Machiavelli was not anti-Christian but championed a “republican Christianity” that prioritized patriotism, liberty, and this-worldly action over meekness and otherworldly salvation — a tradition deeply rooted in Florentine political culture and one that laid intellectual foundations for modern republicanism, including the founding of America.
Maurizio Viroli, a Princeton scholar and one of the foremost living Machiavelli experts, argues that the standard reading of Machiavelli as a teacher of evil or atheist is fundamentally wrong. Instead, Machiavelli endorsed a Christianity of virtue — one that demands strength, compassion for one’s fellow citizens, and willingness to defend the common good.
This interpretation was not marginal.

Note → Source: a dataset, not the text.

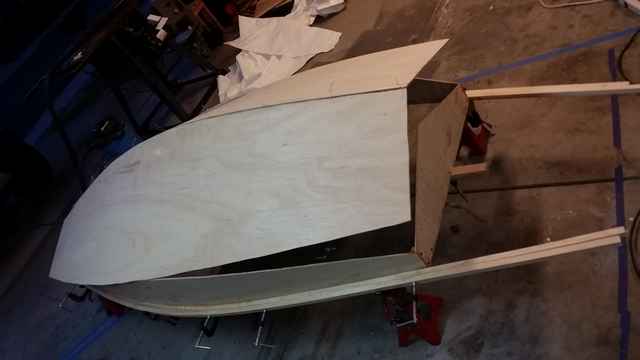 When the plans arrived, I started immediately. I got the plywood home on the top of my SUV, somewhat against relevant vehicle code. I had it marked out within the half hour, did a terrible job with the jigsaw holding the sheets on a thigh, at one point resting a lose end on my forehead. Skill – epoxy cures all – a few little wavy bits don’t matter (see why I didn’t tackle the lapstrake now?). Within the first evening I had all the major panels cut out and the framing on.
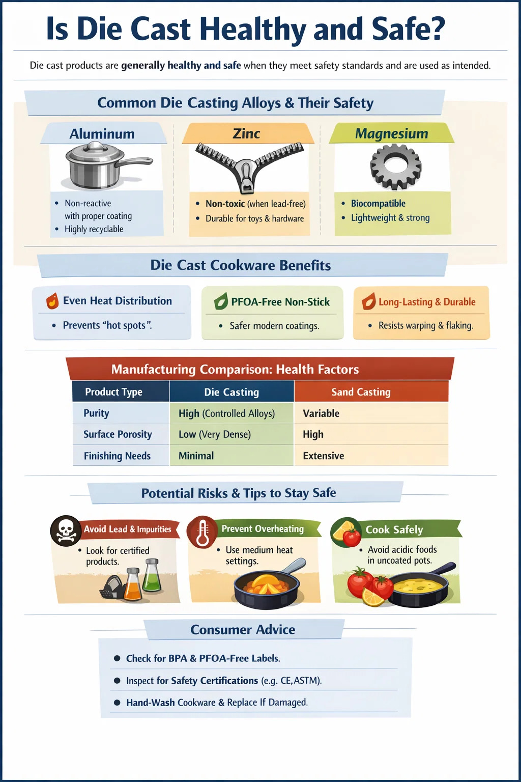 De um modo geral, os produtos fabricados através fundição sob pressão são considerados saudáveis e seguros para uso diário, desde que atendam aos padrões internacionais de segurança e sejam usados conforme pretendido. A "saudabilidade" de um item fundido depende principalmente do metal base utilizado (como alumínio, zinco ou magnésio) e do tratamento de superfície aplicado a ele. No contexto de utensílios de cozinha, o alumínio fundido é altamente popular porque não é reativo quando revestido adequadamente, enquanto em brinquedos e ferragens, o zinco fundido é preferido por sua durabilidade e falta de aditivos tóxicos como o chumbo.

It was the dominant form of Christianity in republican Florence and other Italian city-states, preached from pulpits and embedded in civic rituals since the 14th century.
Moses as Machiavelli’s True Hero
Machiavelli’s central political hero was not Cesare Borgia but Moses — the friend of God who talked directly with Him and received answers.
Moses exemplified the qualities Machiavelli most admired: compassionate love for one’s people and the willingness to use extraordinary, even brutal means to achieve liberation.
In the Golden Calf episode (Exodus 32), Moses ordered the slaughter of his own people and attributed the command to God — even though the Bible records Moses, not God, issuing the order. Machiavelli approved of this entirely.
The lesson: leaders who pursue grand, noble goals like emancipating a people from tyranny must be prepared to “enter into evil” — lying, massacring, breaking their word — when there is no other path.